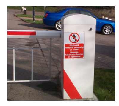
Signage: Boom height, HGV Height, Cabinet mounted warning signs
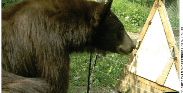
A black bear is about to find out that this chicken coop is protected by a newly installed electric fence.
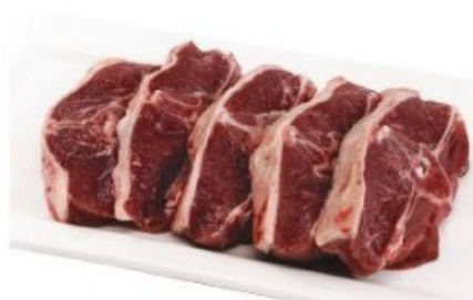
Lamb Back Chops
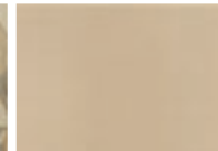
Ultraleather™ Driver & Front Passenger Seats
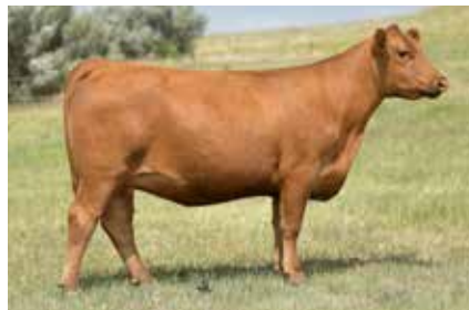
C-BAR STONY 7010E Dam of Lot 28
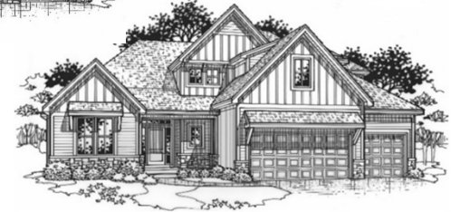
Modern Farmhouse Elevation
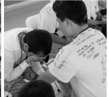
Mauddy Ceremony – Our volunteers washed the feet of our participants just as Jesus washed the feet of His disciples.
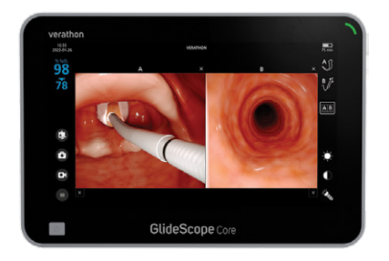
GlideScope® Core™ 15

Configure your GlideScope® video laryngoscopy system to the unique demands of your clinical setting. From hospital settings to surgery centers and EMS, find the option that suits your needs.
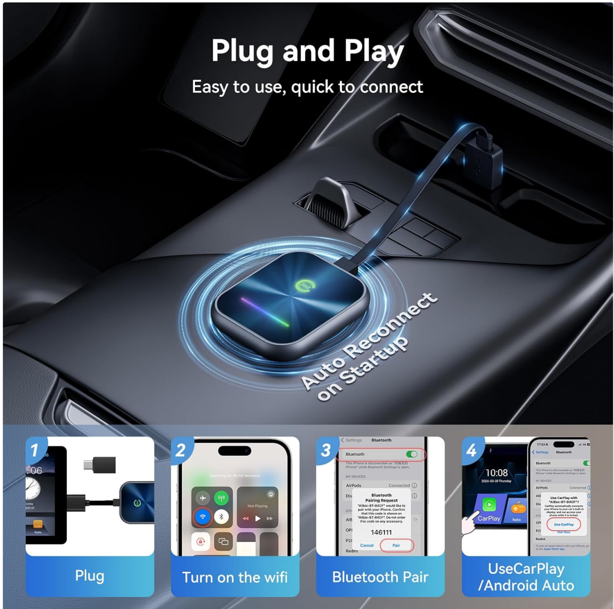
Image: A visual guide illustrating the simple plug-and-play setup process for the adapter.

Bluetooth and Wi-Fi are active on your phone.
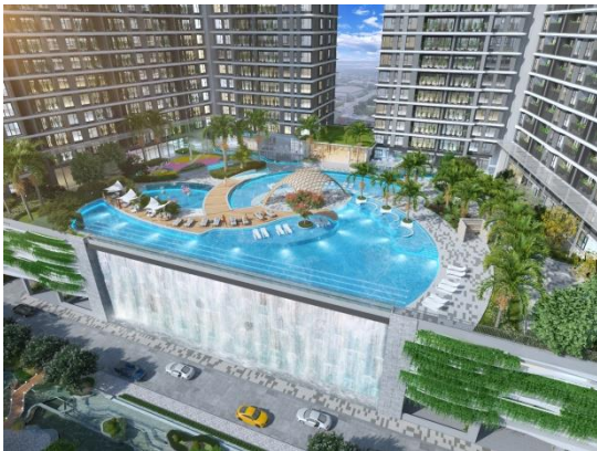
▲ Extended community area(swimming pool for the residents)
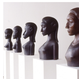
Artworks StillePost 1999, Installation, Contributive, Portrait as Dialogue
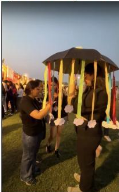
First-year students playing an interactive game at TICC's stall
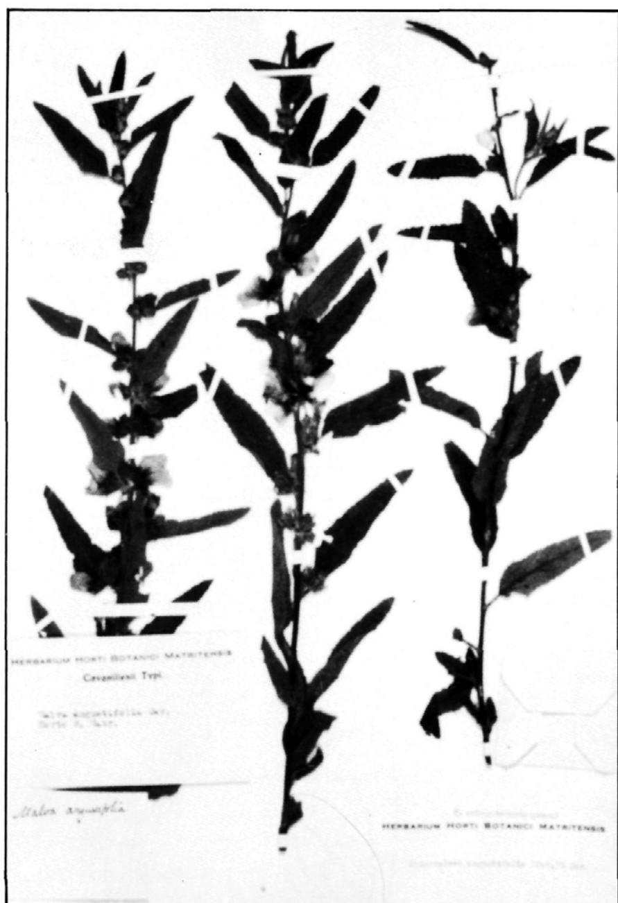
Fig. 4.—Specimen of M. angustifolia with handwriting by Cavanilles.
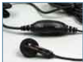
Mag One Earbud with In-line Microphone and PTT/VOX Switch PMLN4442
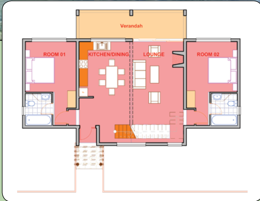
4 Bedroom Unit Ground Floor Plan
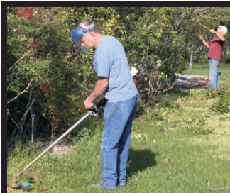
Grace in Motion serving widows together
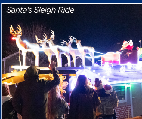
Santa's Sleigh Ride

The City of La Vista hosted more than 20 'Twas the Lights events in 2022 that brought people in our community together to celebrate the holidays. The City's celebrations began with Santa's annual sleigh ride through La Vista neighborhoods. This sleigh ride was particularly meaningful because it marked 30 consecutive years of the tradition in La Vista.
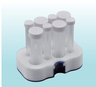
centrifuge tube rack

Jellyfish can be used as a centrifuge tube rack and also as a floating tube rack.
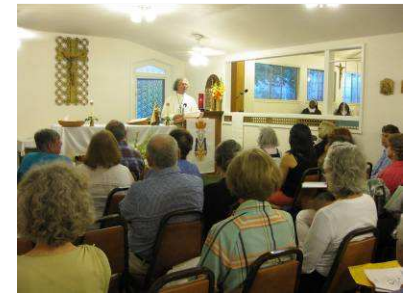
Novena for Our Lady of Mount Carmel at the Carmelite Monastery, 7/8-7/16
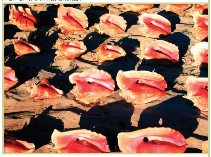
More than a million conch are exported every year
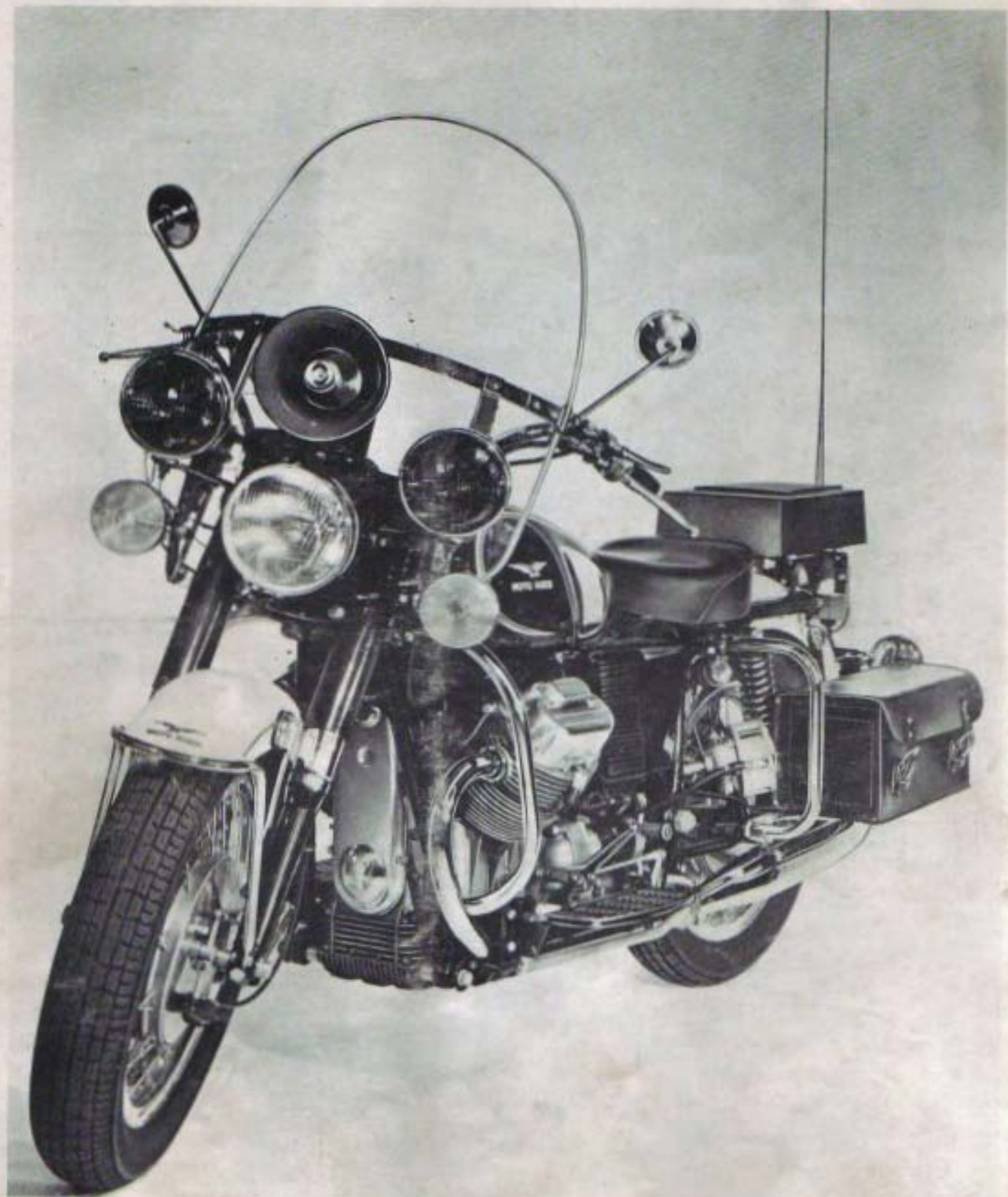
850 POLICE SPECIAL — Dependable mobility for patrol, escort or pursuit.
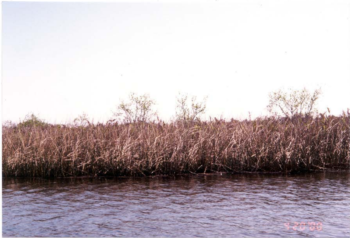
Photo 11, pond apple ( Annona glabra ), 18.5 kilometers, east bank, first occurrence - 2000.
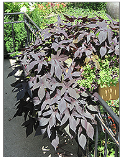
Proven Accents Blackie Sweet Potato Vine
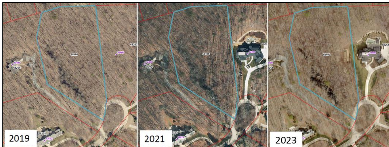
Aerial images of Highland Pond Preserve (in blue outline) showing encroachment over time

In the course of conducting an annual property inspection, a serious encroachment was discovered at Highland Pond Preserve, also known as Edwards Mountain Preserve. This preserve is located within the Governor’s Club community in Chatham County and is the site of breeding pool for salamanders and other amphibians. An adjacent landowner recently built a house and has cleared trees on about .2 acres of NCBGF property and installed a batting cage, retaining wall, and landscaping. The encroachment area has been surveyed and marked and the landowner has removed structures and materials from the area. Negotiations are now underway to have native trees and other vegetation restored to the site by a contractor. This is the first time the Foundation has experienced such a significant encroachment, but under the guidance of the Conservation Committee, Garden staff have done an excellent job addressing this problem in an appropriate and timely manner.
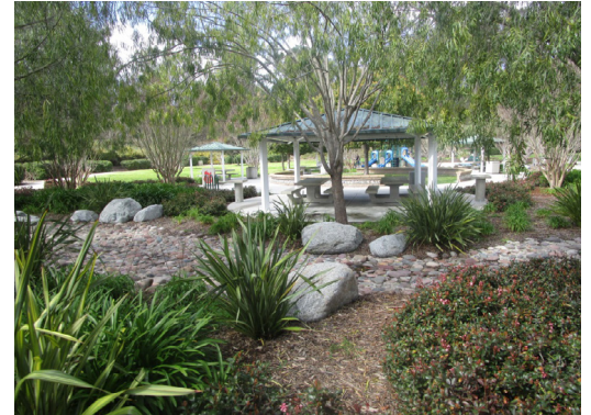
Carmel Knolls Neighborhood Park
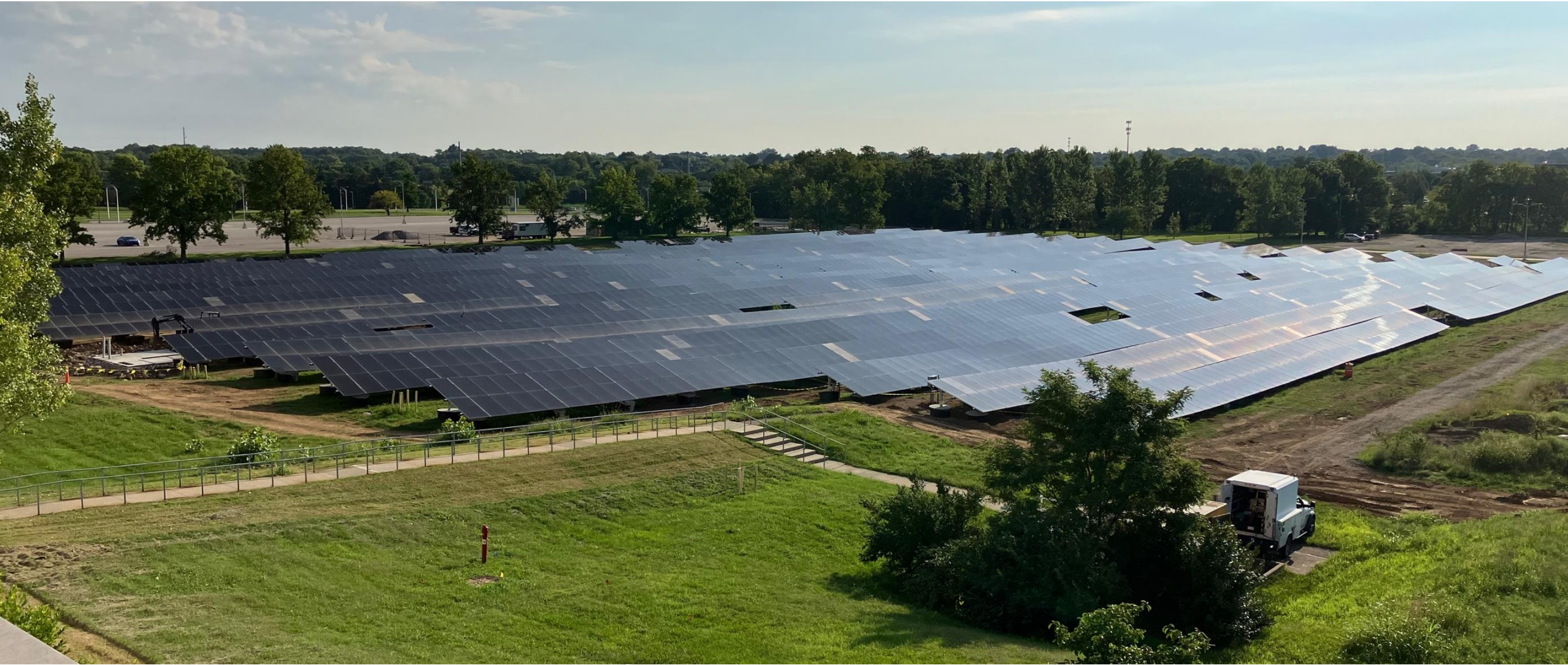
Lexington Solar Array – Late August 2022
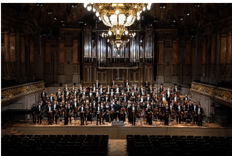
Music Director Jaap van Zweden and the HK Phil at the Tonhalle Zurich
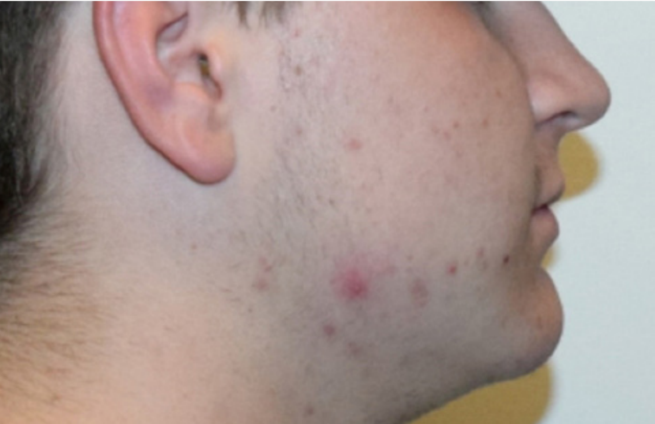
Profile at rest
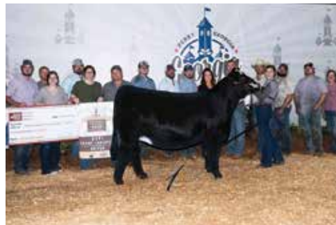
MISS CCF JESTRESS H301 Full Sister to Lot 43
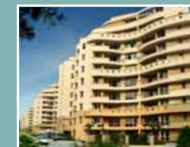
Eldeco Utopia*, Expressway, Noida
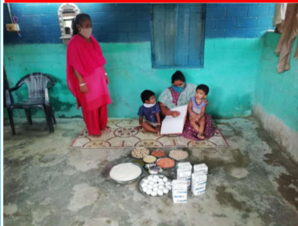
Doorstep distribution of raw ration at Campbell Bay
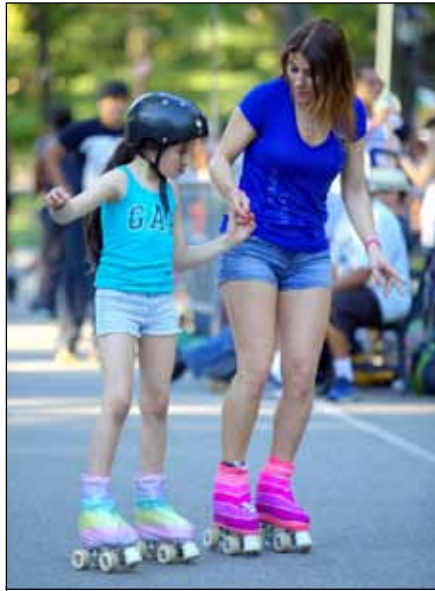
Mother & Daughter
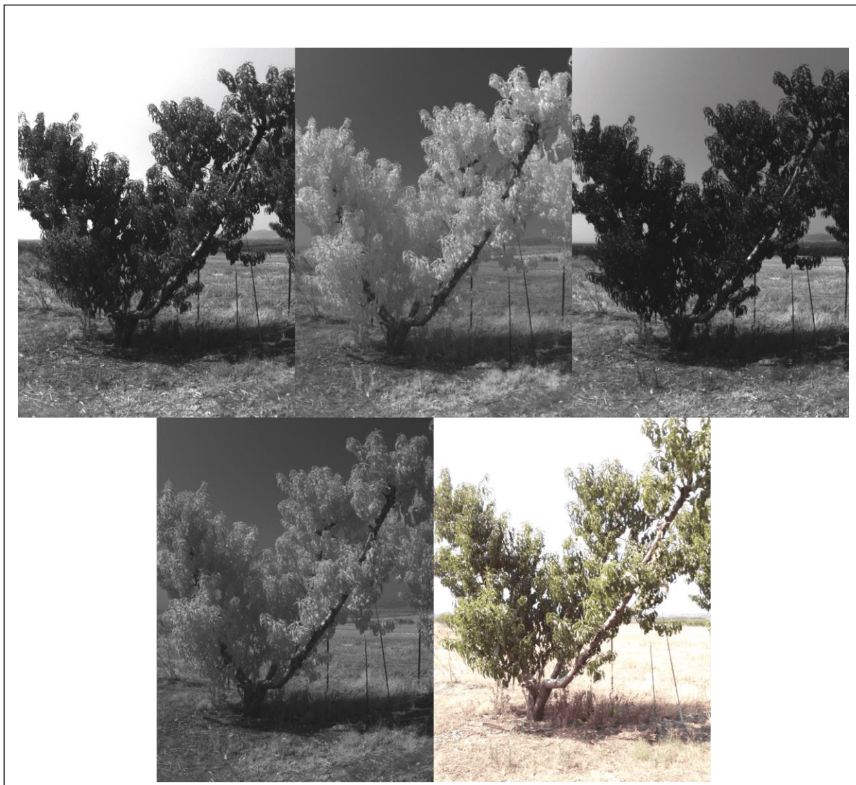
Fig. 3. Multispectral images
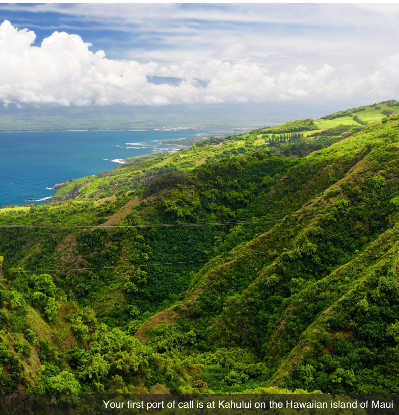
Your first port of call is at Kahului on the Hawaiian island of Maui

DAYS 10 AND 11 Return Flight Home: After disembarking in Honolulu, a group transfer brings you to the airport for flights home after 12:00 p.m. For those who wish, you can make your own arrangements to visit the USS Arizona Memorial en route to the airport through NCL while on board the ship. Please ensure your flights are booked out after 6:00 p.m. if you consider this excursion. Fly through the night and return home in the morning. Meal: B
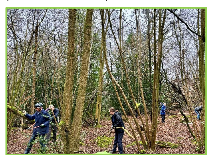
January and February volunteer sessions this year, in Ashenground Wood near the village school, here the volunteers are busy coppicing.

You may have seen the volunteers coppicing in the first two months of this year on the regular Saturday sessions. Originally, woodland was coppiced to produce a fast-growing, reliable supply of timber for poles, stakes and wood crafted products, also as a fuel source for iron smelting (Wealden geology consists of clays and sands that provided the iron ore). Today, woods are coppiced not only to provide a reliable source of timber, especially from Hornbeam, Hazel and Sweet Chestnut trees, but to also allow sunlight to reach across the woodland floor and help woodland plants flourish, enriching this precious habitat's biodiversity.
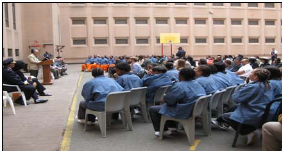
RSAT graduates represent the third class since the program’s inception last year.

Sixty inmates were selected to participate in a special ceremony entitled, “Celebration of Connections,” in recognition of the significant progress made during the last two years within the area of inmate healthcare. The forum showcased the myriad of services that DOC offers to its offender population including an onsite residential substance abuse treatment program (RSAT) for male and female inmates. Twenty-six inmates attending the program were recent graduates of the program, representing the third graduation class since its inception last year. The Department’s Residential Substance Abuse Treatment Program contributed to the District earning a “B+” on Applesseed’s fourth “report card.”

AIM OF THE EXERCISE -> What lines of the data include the word "Santa"? Copy each of them.

ANSWER TO THIS EXERCISE ->
Santa's Sleigh Ride
The City of La Vista hosted more than 20 'Twas the Lights events in 2022 that brought people in our community together to celebrate the holidays. The City's celebrations began with Santa's annual sleigh ride through La Vista neighborhoods. This sleigh ride was particularly meaningful because it marked 30 consecutive years of the tradition in La Vista.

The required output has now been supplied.